Stored entries:
•••••

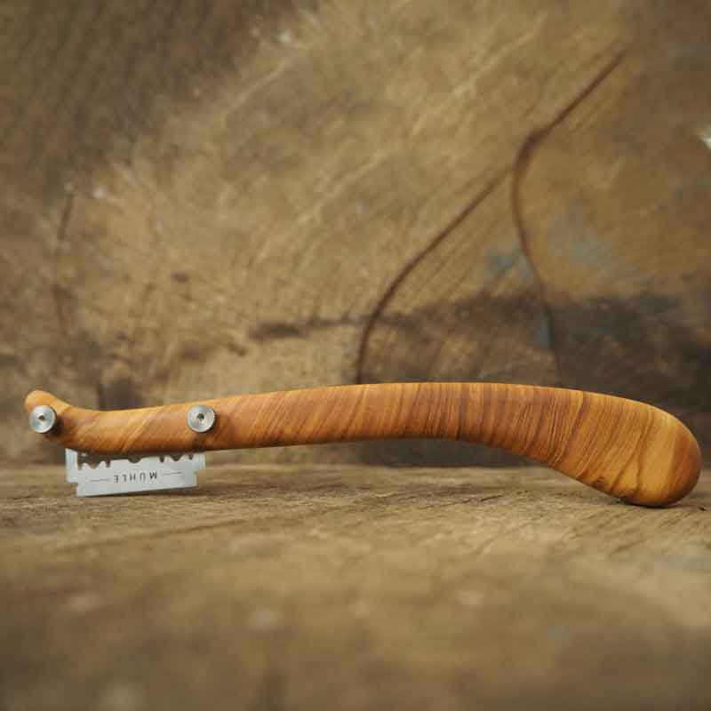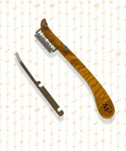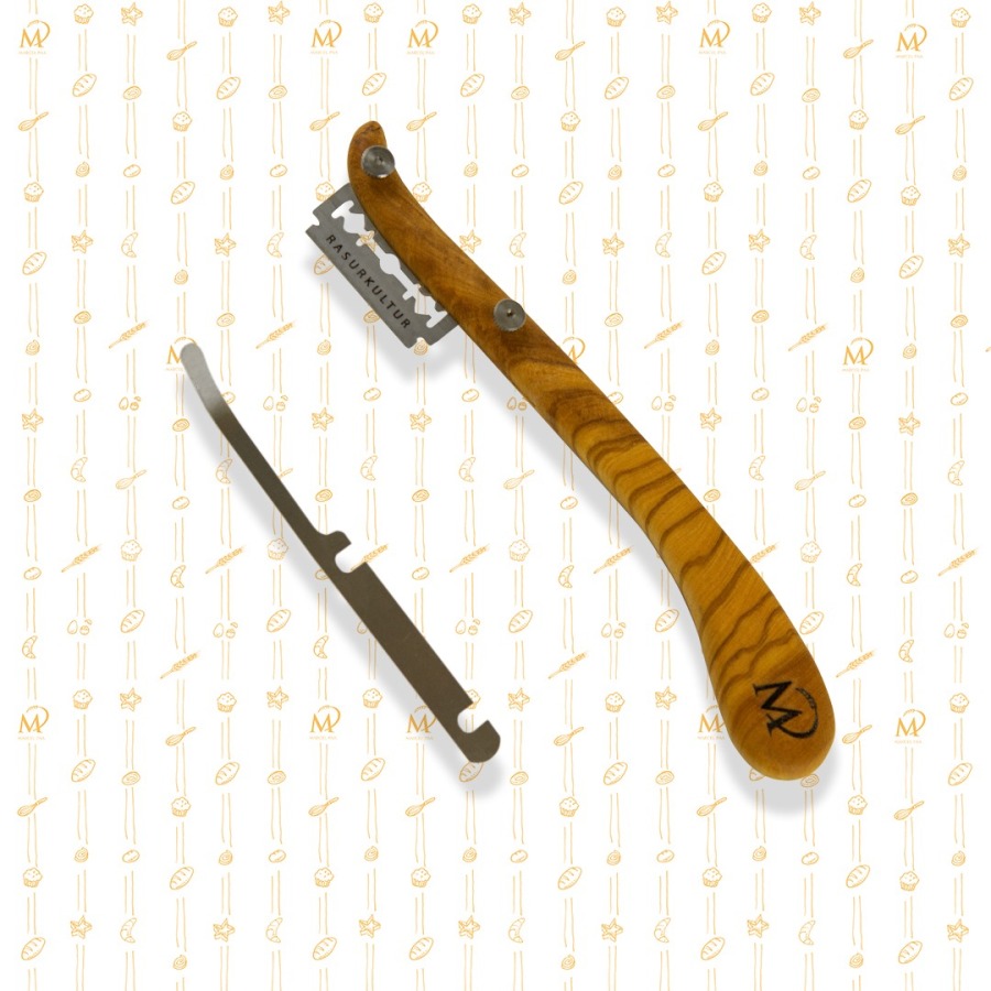 Mit diesem handgefertigten Bäckermesser oder Lame de boulanger aus Olivenholz schneidest du deine Teiglinge schnell und präzise ein. Der edle, handgefertigte Holzgriff liegt angenehm in der Hand und die Klinge lässt sich problemlos auswechseln. Jedes Messer wird in liebevoller Handarbeit hergestellt, die Maserung des Holzes kann daher leicht vom Bild abweichen.
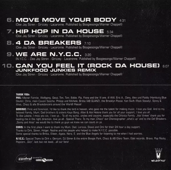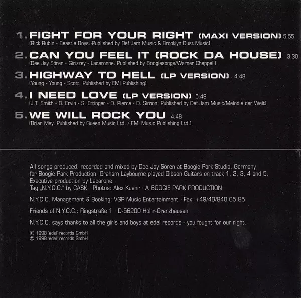 N.Y.C.C.: Greatest Hits verzia na CD v štandardný edícii. Toto konkrétne vydanie vyšlo v Německu vo vydavateľstve Control dňa 10. júla 1998. Album zasahuje do žánrov Elektronická hudba, Hip Hop, Rock & Roll, Euro House a Hip-House.
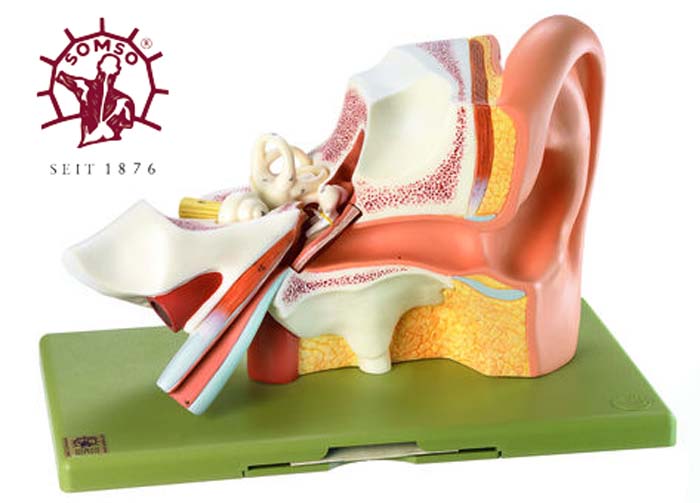 herausnehmbar sind:- Trommelfell mit Hammer- Amboß- Labyrinth mit SteigbügelAuf Sockel.Maße: 21 x 32 x 19 cm, Gewicht: 1,2 kg
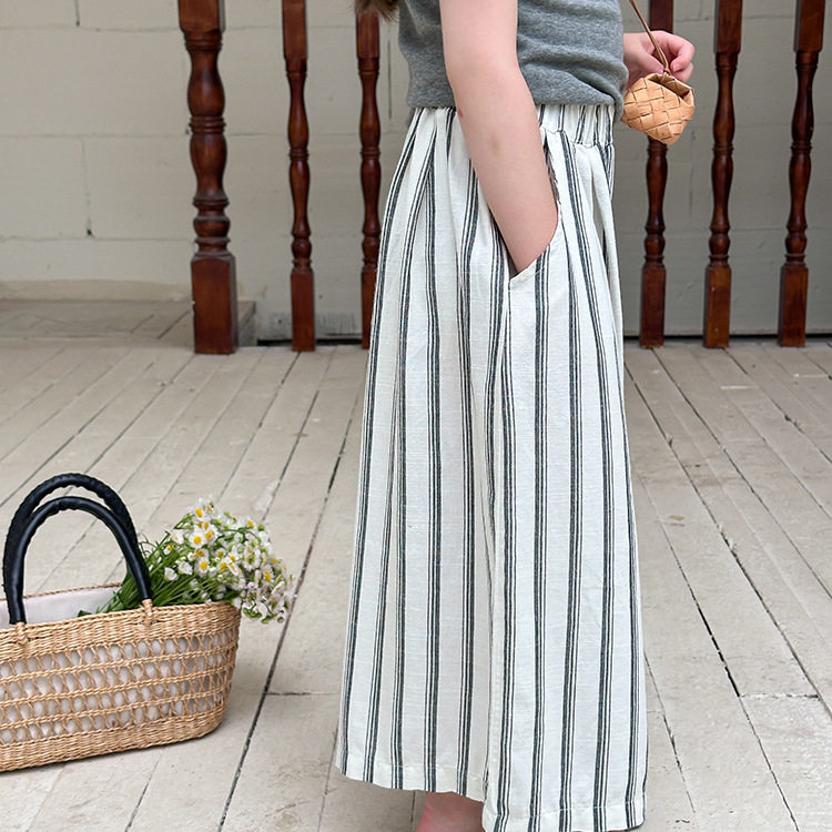 儿童休闲度假风9分裤宽松直筒裤2025夏女童柔软棉麻条纹阔腿裤潮
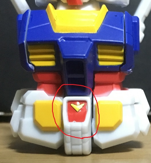 腰部ブロックの赤丸部分にシールを貼って、腰のシンボルマークがバッチリ再現。この腰部ブロックは稼働するので、奥に入り込んでいたら引っ張り出してから貼ろう。
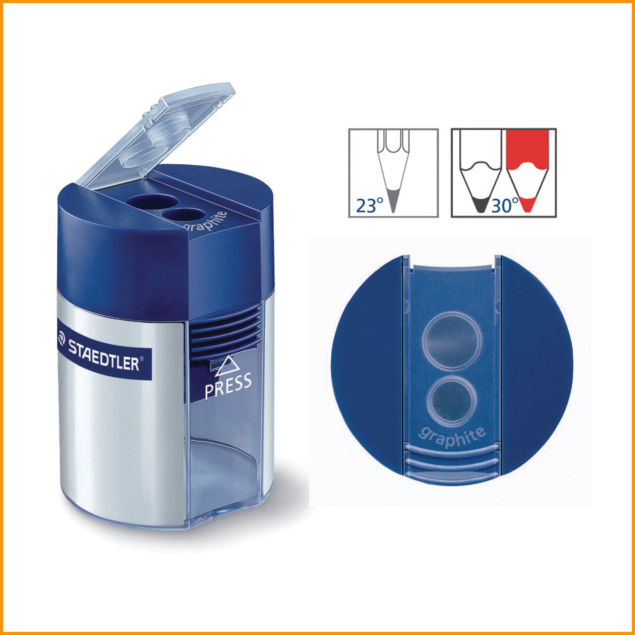 Staedtler 512001 on metalliteräinen kynänteroitin kahdella eri kokoisella reiällä. reikien ympärysmitat: 8,2 mm ja 10,2 mm.Teroitin Staedtler 512001 2-reikäinen on korkealaatuinen toimistotuote, jonka toimituksen kesto on verkkokaupasta tilattuna 1-2 päivää.
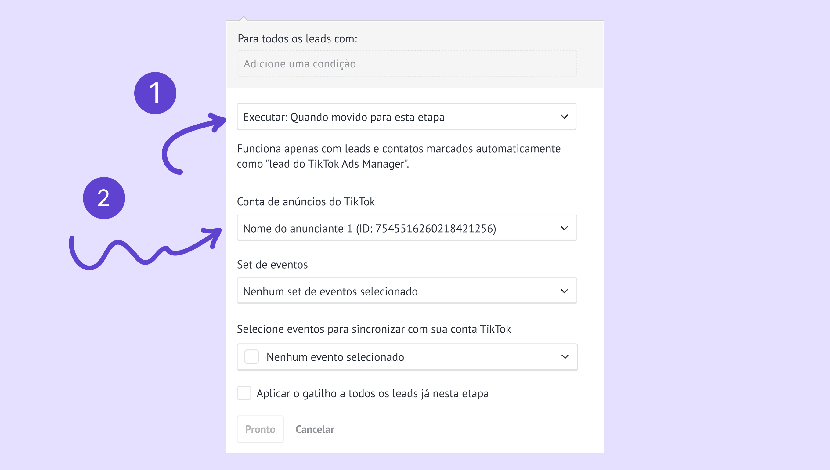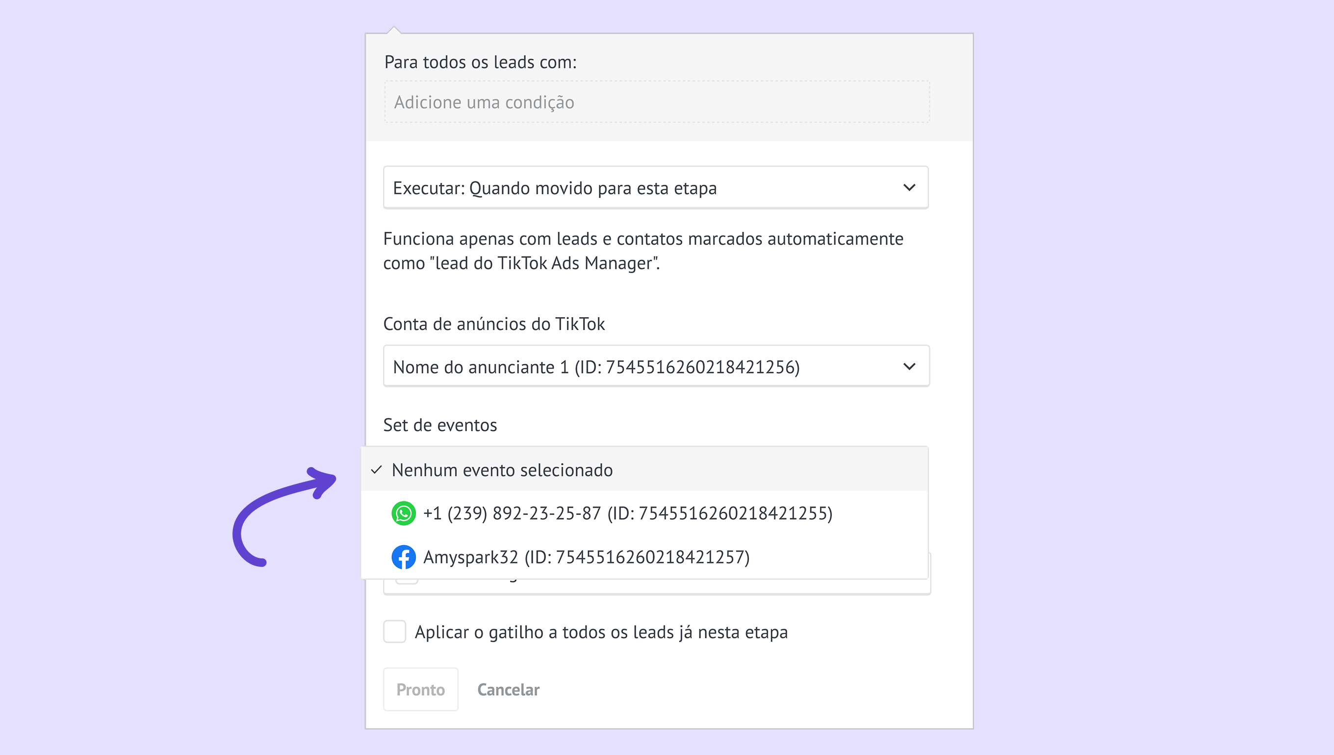 Escolha uma condição de acionamento (por exemplo, Após mover para esta etapa) e selecione uma conta de anúncios.
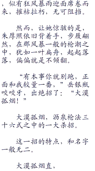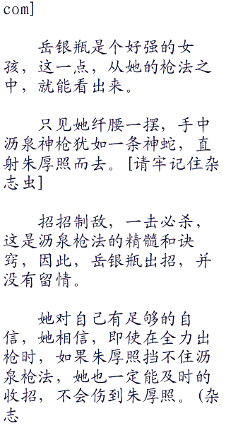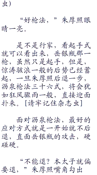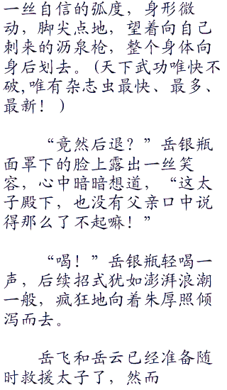 这一打恰恰打在蛇头上,那蛇眼露出金光,张开血盆般大口,望着岳飞扑面撞来。岳飞连忙把身子一侧,让过蛇头,趁着势将蛇尾一拖。一声响亮,定睛再看时,那蛇却化作了一条丈八长的沥泉神枪,回头看那泉水已经干涸,再无一滴。

•••••

(Work instruction) Omitting all images, retype each line of the records precisely.

(Reply)
 Mit diesem handgefertigten Bäckermesser oder Lame de boulanger aus Olivenholz schneidest du deine Teiglinge schnell und präzise ein. Der edle, handgefertigte Holzgriff liegt angenehm in der Hand und die Klinge lässt sich problemlos auswechseln. Jedes Messer wird in liebevoller Handarbeit hergestellt, die Maserung des Holzes kann daher leicht vom Bild abweichen.
 N.Y.C.C.: Greatest Hits verzia na CD v štandardný edícii. Toto konkrétne vydanie vyšlo v Německu vo vydavateľstve Control dňa 10. júla 1998. Album zasahuje do žánrov Elektronická hudba, Hip Hop, Rock & Roll, Euro House a Hip-House.
 herausnehmbar sind:- Trommelfell mit Hammer- Amboß- Labyrinth mit SteigbügelAuf Sockel.Maße: 21 x 32 x 19 cm, Gewicht: 1,2 kg
 儿童休闲度假风9分裤宽松直筒裤2025夏女童柔软棉麻条纹阔腿裤潮
 腰部ブロックの赤丸部分にシールを貼って、腰のシンボルマークがバッチリ再現。この腰部ブロックは稼働するので、奥に入り込んでいたら引っ張り出してから貼ろう。
 Staedtler 512001 on metalliteräinen kynänteroitin kahdella eri kokoisella reiällä. reikien ympärysmitat: 8,2 mm ja 10,2 mm.Teroitin Staedtler 512001 2-reikäinen on korkealaatuinen toimistotuote, jonka toimituksen kesto on verkkokaupasta tilattuna 1-2 päivää.
 Escolha uma condição de acionamento (por exemplo, Após mover para esta etapa) e selecione uma conta de anúncios.
 这一打恰恰打在蛇头上,那蛇眼露出金光,张开血盆般大口,望着岳飞扑面撞来。岳飞连忙把身子一侧,让过蛇头,趁着势将蛇尾一拖。一声响亮,定睛再看时,那蛇却化作了一条丈八长的沥泉神枪,回头看那泉水已经干涸,再无一滴。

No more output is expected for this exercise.